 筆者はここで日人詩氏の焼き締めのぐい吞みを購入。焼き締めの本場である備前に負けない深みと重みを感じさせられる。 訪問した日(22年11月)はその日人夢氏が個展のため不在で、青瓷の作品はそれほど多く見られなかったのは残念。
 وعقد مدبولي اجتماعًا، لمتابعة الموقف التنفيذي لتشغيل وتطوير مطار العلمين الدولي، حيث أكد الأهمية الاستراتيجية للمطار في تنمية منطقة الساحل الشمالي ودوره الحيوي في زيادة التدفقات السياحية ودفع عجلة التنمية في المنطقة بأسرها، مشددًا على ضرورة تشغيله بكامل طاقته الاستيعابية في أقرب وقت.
◇ ◇ ◇ ◇ ◇
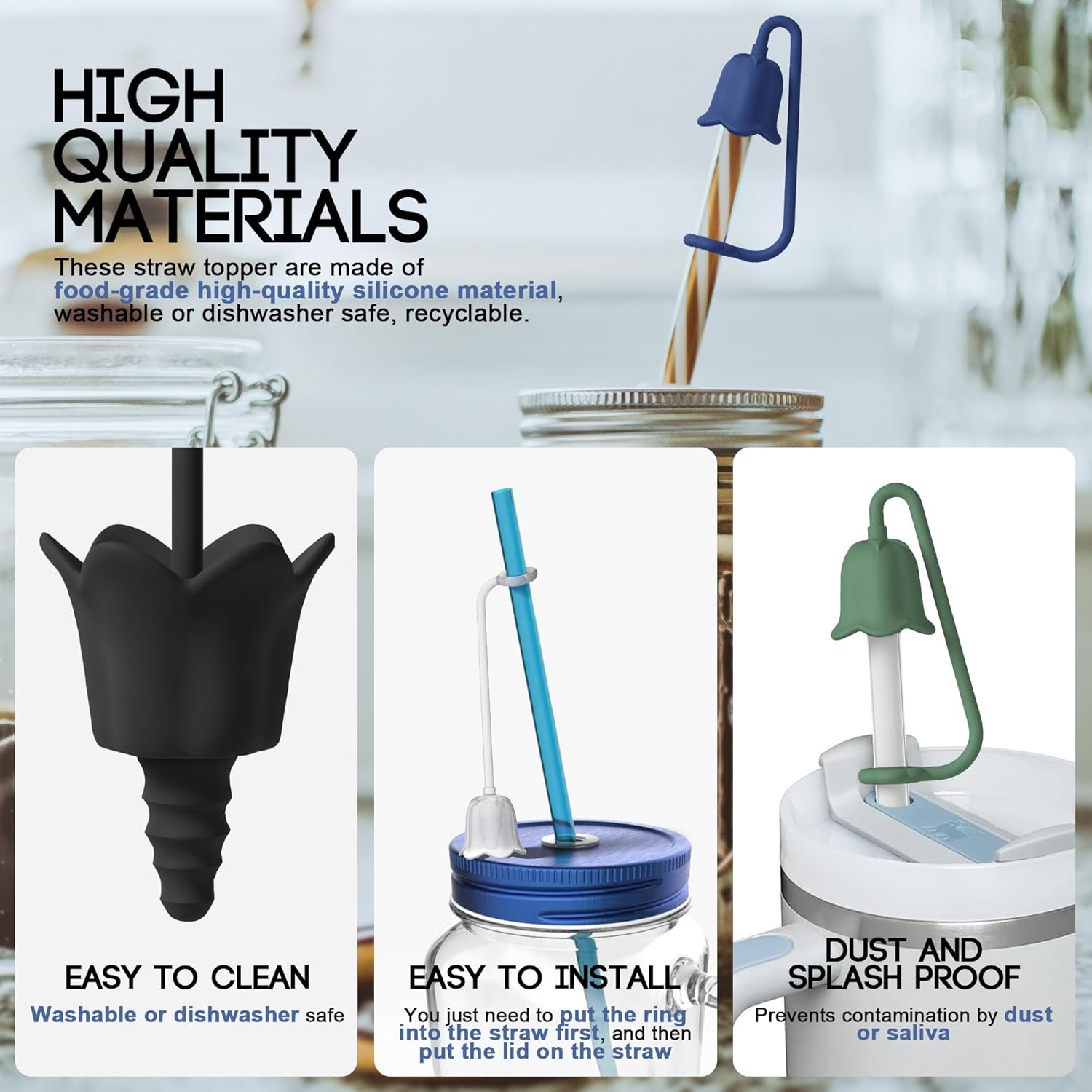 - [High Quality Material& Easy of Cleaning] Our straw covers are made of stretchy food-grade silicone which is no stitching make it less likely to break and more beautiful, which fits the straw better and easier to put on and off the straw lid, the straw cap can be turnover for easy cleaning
◇ ◇ ◇ ◇ ◇
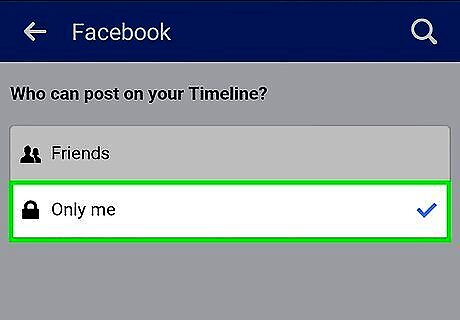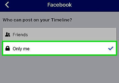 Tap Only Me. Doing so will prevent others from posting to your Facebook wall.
◇ ◇ ◇ ◇ ◇
- _TASK GOAL_:
Look above for the line with "筆者はここで日人詩氏の焼き締" and the line with "وعقد مدبولي اجتماعًا،". Retype those two lines and every line between them exactly, adding nothing.

- _RESPONSE_:
 筆者はここで日人詩氏の焼き締めのぐい吞みを購入。焼き締めの本場である備前に負けない深みと重みを感じさせられる。 訪問した日(22年11月)はその日人夢氏が個展のため不在で、青瓷の作品はそれほど多く見られなかったのは残念。
 وعقد مدبولي اجتماعًا، لمتابعة الموقف التنفيذي لتشغيل وتطوير مطار العلمين الدولي، حيث أكد الأهمية الاستراتيجية للمطار في تنمية منطقة الساحل الشمالي ودوره الحيوي في زيادة التدفقات السياحية ودفع عجلة التنمية في المنطقة بأسرها، مشددًا على ضرورة تشغيله بكامل طاقته الاستيعابية في أقرب وقت.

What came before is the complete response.